Singapore-based investors report that DBS and JPMorgan have been sounding out the market on a S$300 million ($165 million) offering securitizing a portion of the bank's corporate loan portfolio. Should it materialise, the transaction will not only mark a new step in the development of the Singapore ABS market, but also for Asia as a whole, since synthetic CLO's (collateralized loan obligations) have only ever previously been used in Japan.

For DBS Bank, the significance of the deal is that it should enable it to manage its capital adequacy ratios more efficiently. As such it does not represent a capital raising, but a capital saving. Synthetic CLO's and CDO's (collateralized debt obligations) have become popular instruments for banks in Europe seeking to move credit risk off their balance sheets and achieve better capital treatment.

DBS Bank, for example, is hoping to reduce the 100% risk weighting for parts of its loan portfolio, although it is not yet clear what the new treatment will be post deal. Unlike a cash securitization, where the assets are removed from the balance sheet and placed in an SPV (special purpose vehicle), here they remain on balance sheet.

The proposed offering is expected to have an average life of three-and-a-half years and will be multi-tranche, although it is believed the leads have not yet finalized whether it will be denominated in US dollars or Singapore dollars. Ratings will also span the gamut of triple-A to triple-B.

For DBS Bank, the deal should provide a cost-efficient means to manage its capital and underscore its reputation for innovation both from a capital management and securitization perspective. Where the former is concerned, DBS became the first investment grade bank (ex Japan) to use the international bond markets to fine tune its capital ratios, when it launched the first of a series of upper tier 2 bond issues in August 1999.

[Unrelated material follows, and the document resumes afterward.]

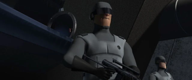 Syndrome's security guards are supporting antagonists in The Incredibles. They are Syndrome's henchmen, who all share similar characteristics. They are armed with machine guns and carry special security cards in Syndrome's Base. Many security guards were killed or injured when the Incredibles infiltrated Syndrome's base in Nomanizan. The fate of the guards still remaining at the base after Syndrome's death is unknown.

Where the latter is concerned, DBS also launched Singapore's first ever commercial property securitization this May, when it sold a S$984.5 million deal for Raffles City, owned by Raffles Holdings.

For JPMorgan too, the deal represents something of a breakthrough. Despite the fact that a number of DBS's past and current senior executives - including John Olds and Jackson Tai - hail from the US investment bank, it has never before been able to secure a capital markets mandate.